Example
In my future-of-sexuality editorial a couple months back, I lamented the lack of (among other things) homosexuality and bisexuality in human-future-in-space sf.
Just encountered an excellent example of what I was looking for: Geoffrey A. Landis's "At Dorado," published in Asimov's last year and reprinted in Hartwell/Cramer's Year's Best SF 8.
The protagonist is a woman who lives on a space station and whose husband (Daryn) is a starship sailor. She's worried that Daryn might have been on a ship that was destroyed. She talks briefly with a young man, Tayo, who also lives on the station, who's worried that his lover might have been on that ship—and her first momentary reaction is to worry that Daryn might also be Tayo's lover. It doesn't bother her in the slightest that that would indicate that Daryn was bi, nor does she react at all to Tayo making clear that the lover he's looking for is indeed male; what bothers her is only the possibility that Daryn might've been cheating on her.
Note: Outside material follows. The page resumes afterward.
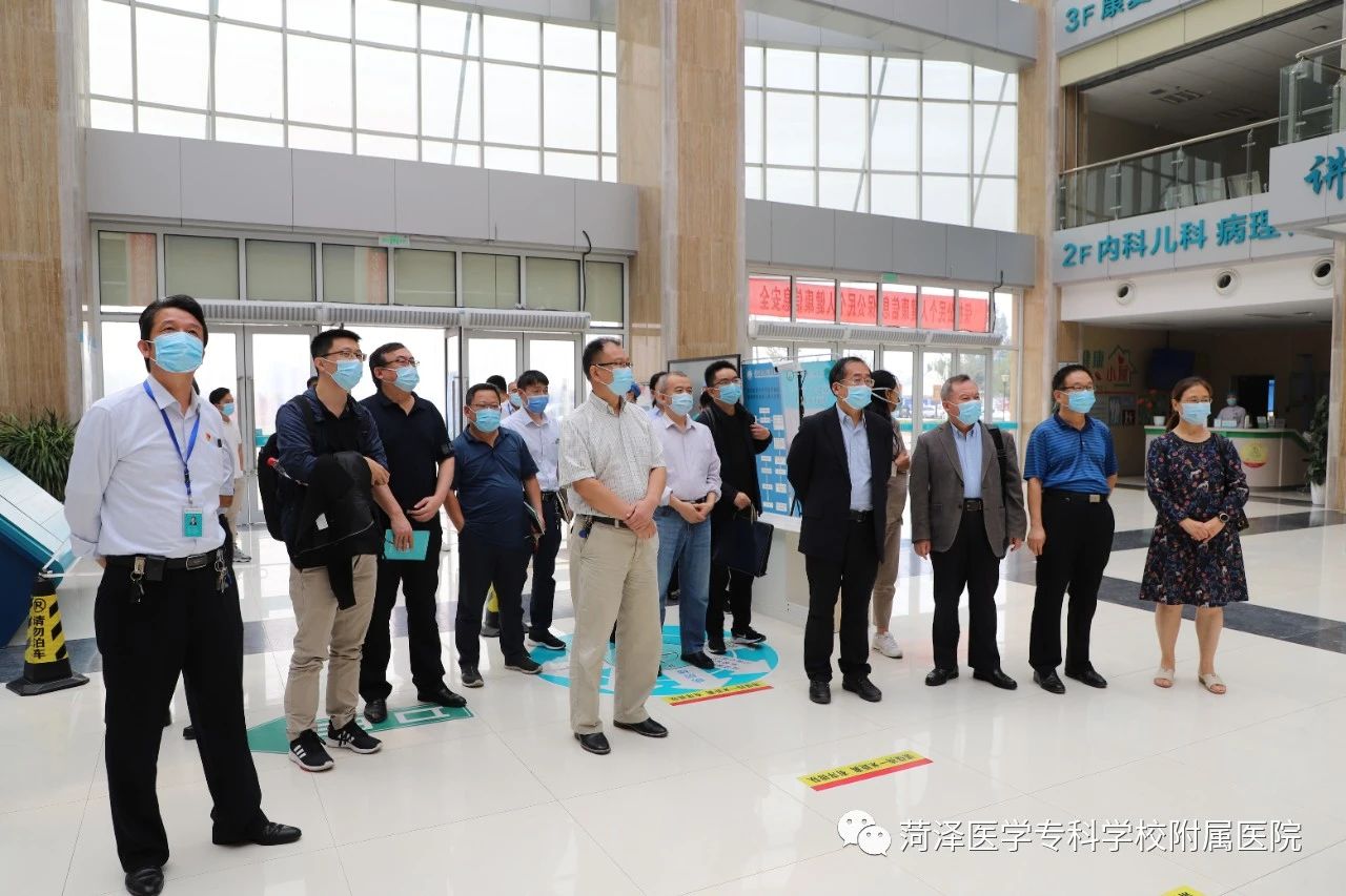 劉心臣同志代表醫(yī)院對專家們的到來表示熱烈的歡迎和衷心的感謝,向?qū)<覀冏隽撕喴ぷ鲄R報,對醫(yī)院基礎(chǔ)建設(shè)、醫(yī)療特色等方面做了簡單介紹。菏澤醫(yī)專附屬醫(yī)院是經(jīng)山東省衛(wèi)健委批準(zhǔn)成立的一所集醫(yī)療、養(yǎng)老、康復(fù)、教學(xué)、科研和培訓(xùn)為一體的公辦非營利性三級綜合醫(yī)院,占地325畝,總投資6.68億元,全院共有建筑28棟,建筑面積12.8萬平方米。醫(yī)院環(huán)境優(yōu)美,建筑密度15%,綠地率50%,四季有花,全年見綠,處處有景。醫(yī)院醫(yī)療設(shè)備先進(jìn),擁有超高端CT、磁共振、血管造影機等各種大型一流儀器設(shè)備,總價值2億余元。臨床、醫(yī)技科室齊全,醫(yī)療技術(shù)人員500余人,高級職稱人員73人,碩士以上學(xué)歷人員137人。專家團先后到門診大廳、放射科、檢驗科、康復(fù)大廳、眼科、口腔科實地參觀調(diào)研,與醫(yī)護(hù)人員深入交流,查看醫(yī)療設(shè)施設(shè)備,了解醫(yī)院基礎(chǔ)建設(shè)、學(xué)科發(fā)展、人才培養(yǎng)等工作情況。參觀過程中,專家們對菏澤醫(yī)專附屬醫(yī)院的發(fā)展給予了高度評價。

All this is in passing, a minor incident that's thematically important to the story but not a major plot point; just casual, which neatly makes clear that homosexuality and bisexuality are ordinary and unremarkable in the world of the story. Nicely done, all the more so because Landis could just as easily have made Tayo female and thereby kept everyone straight.
I like the story as a story, too, btw; a little bit predictable, but good anyway.